- [What needs to be done]:
Which lines come from the start of the listing through the line holding "- Paga tus servicios"? Restate exactly those, both included, minus the pictures.

- [Dataset section]:
::::

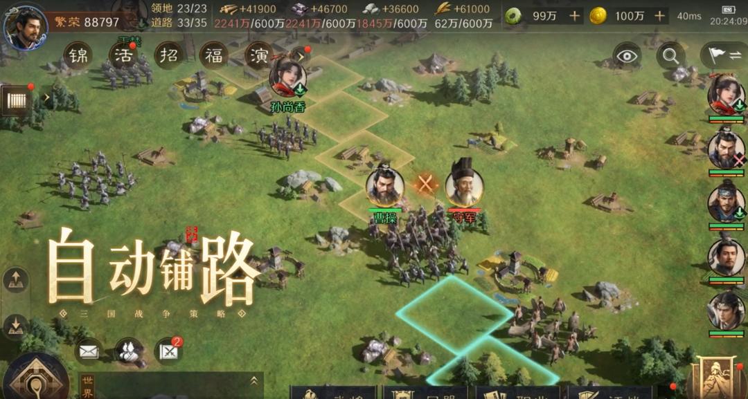 除了充值方面的优势,这游戏还有其他很多吸引人的地方。自动化操作减负,自动铺路、打城和政务委任系统,让玩家不用一直手动操作,节省了不少时间和精力。城内自带资源地和练兵所,稳定了资源获取,部队还能自动升级。
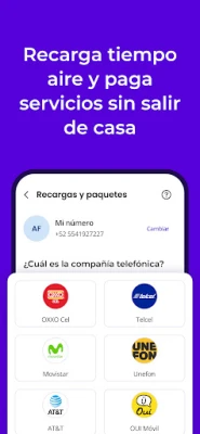 - Paga tus servicios de luz, agua, internet, telefonía y más, directamente desde tu app.
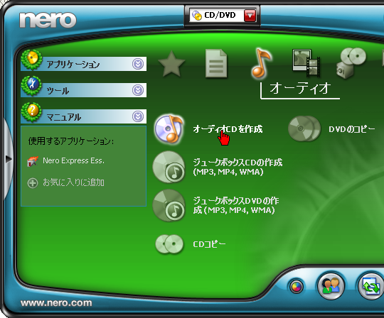 CDを買ったり、音楽DVDを買ったり、iTunesなどからダウンロードしたり、デジタル放送の音楽番組を録画したりと、音楽の入手方法も雑多になってきました。それらの音楽が、DVDになっていたり、iPodに入っていたりして、いざ車のナビ付属のCDデッキで聞こうと思うと意外と聞けなかったりします。折角自分で買ったり録音した音楽ですから、出来ればナビでもCDラジカセでも聞けた方がいいに決まっています。と言うことで、今回は各種のソースからCDを作成する方法です。あるいは全ての曲が CDに入っていても聴きたい曲が複数の CDにまたがっている場合など、ナビは運転中にいちいち入れ替えるのは面倒ですから、複数のCDから気に入った曲を寄せ集めて一枚のCDにするということもアリですね。更に、大切なオリジナル CDを車の中のような高温・強紫外線の環境に持ち出したくないという場合にも知っておいた方がいい方法です。
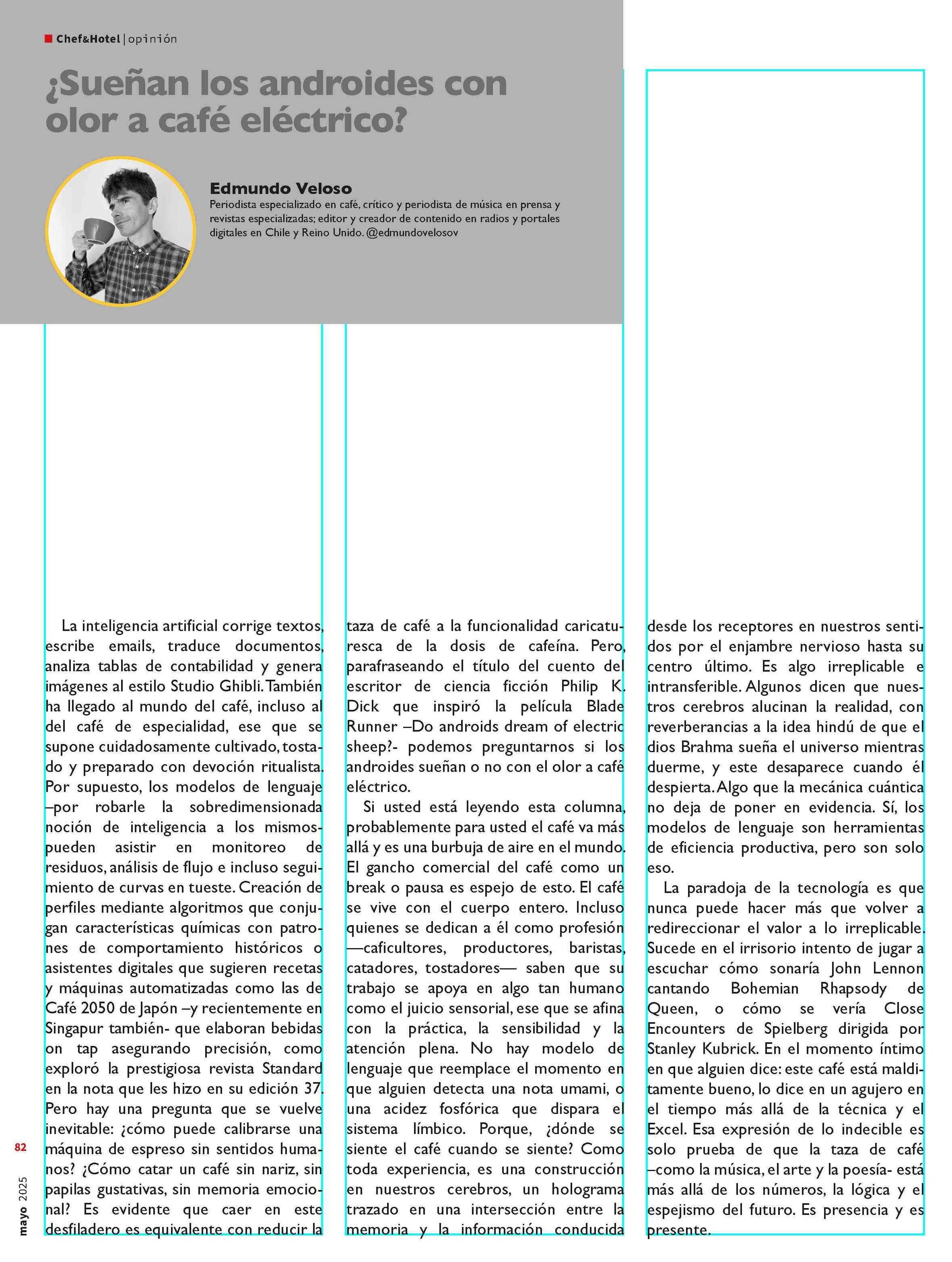 | Título: | COLUMNAS DE OPINIÓN: Periodista especializado en café, crítico y periodista de música en prensa y revistas especializadas. editor y creador de contenido en radios y portales digitales en Chile y Reino Unido. Medmundovelosov |

::::

- [Written reply]:
 除了充值方面的优势,这游戏还有其他很多吸引人的地方。自动化操作减负,自动铺路、打城和政务委任系统,让玩家不用一直手动操作,节省了不少时间和精力。城内自带资源地和练兵所,稳定了资源获取,部队还能自动升级。
 - Paga tus servicios de luz, agua, internet, telefonía y más, directamente desde tu app.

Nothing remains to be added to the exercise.